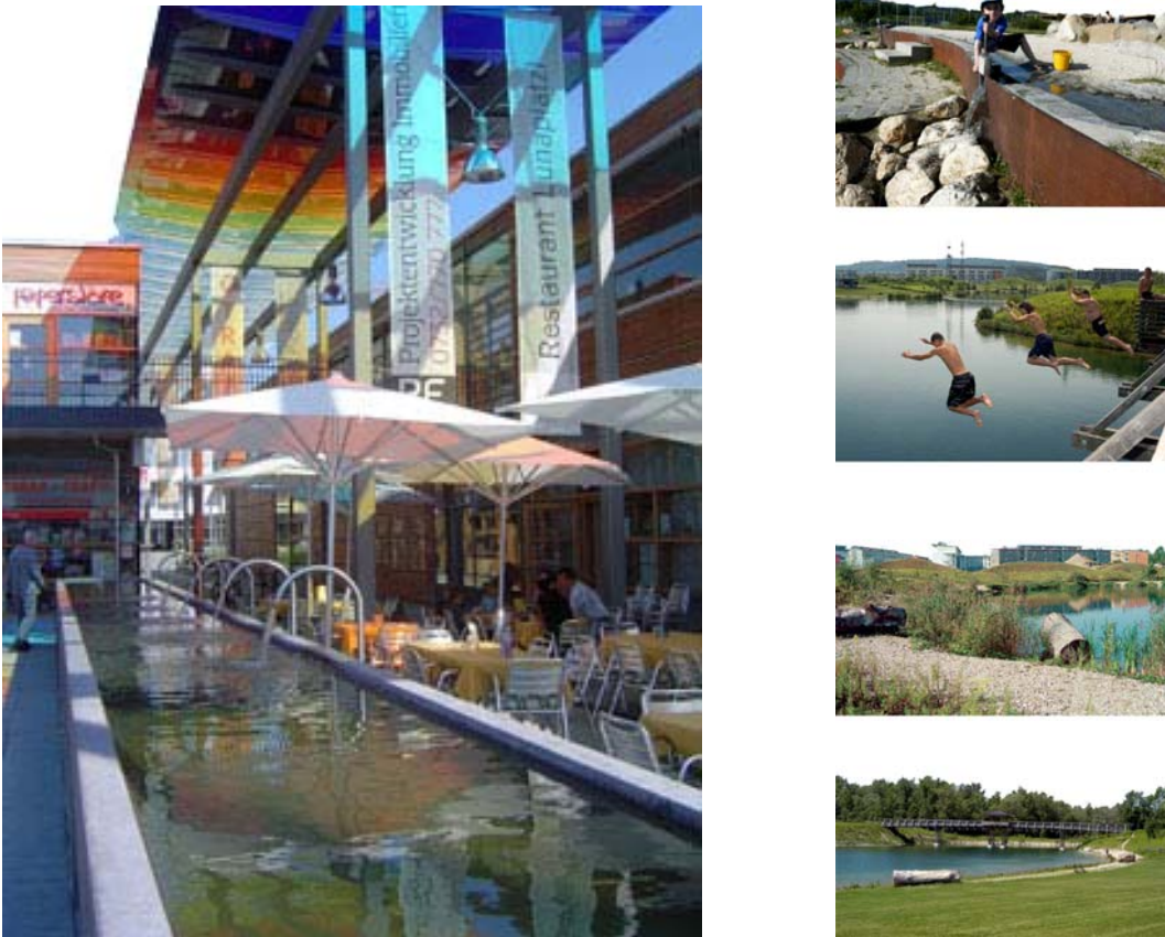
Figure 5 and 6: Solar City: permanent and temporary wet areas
==
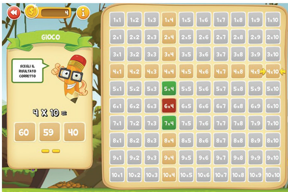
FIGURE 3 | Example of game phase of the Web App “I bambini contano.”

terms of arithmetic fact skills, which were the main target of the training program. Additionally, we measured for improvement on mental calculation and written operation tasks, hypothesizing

[Task]:
Using the data above, print exactly the lines from the line that contains "FIGURE 3 | Example" through the line that contains "terms of arithmetic", with both included.

[Expected answer]:
FIGURE 3 | Example of game phase of the Web App “I bambini contano.”

terms of arithmetic fact skills, which were the main target of the training program. Additionally, we measured for improvement on mental calculation and written operation tasks, hypothesizing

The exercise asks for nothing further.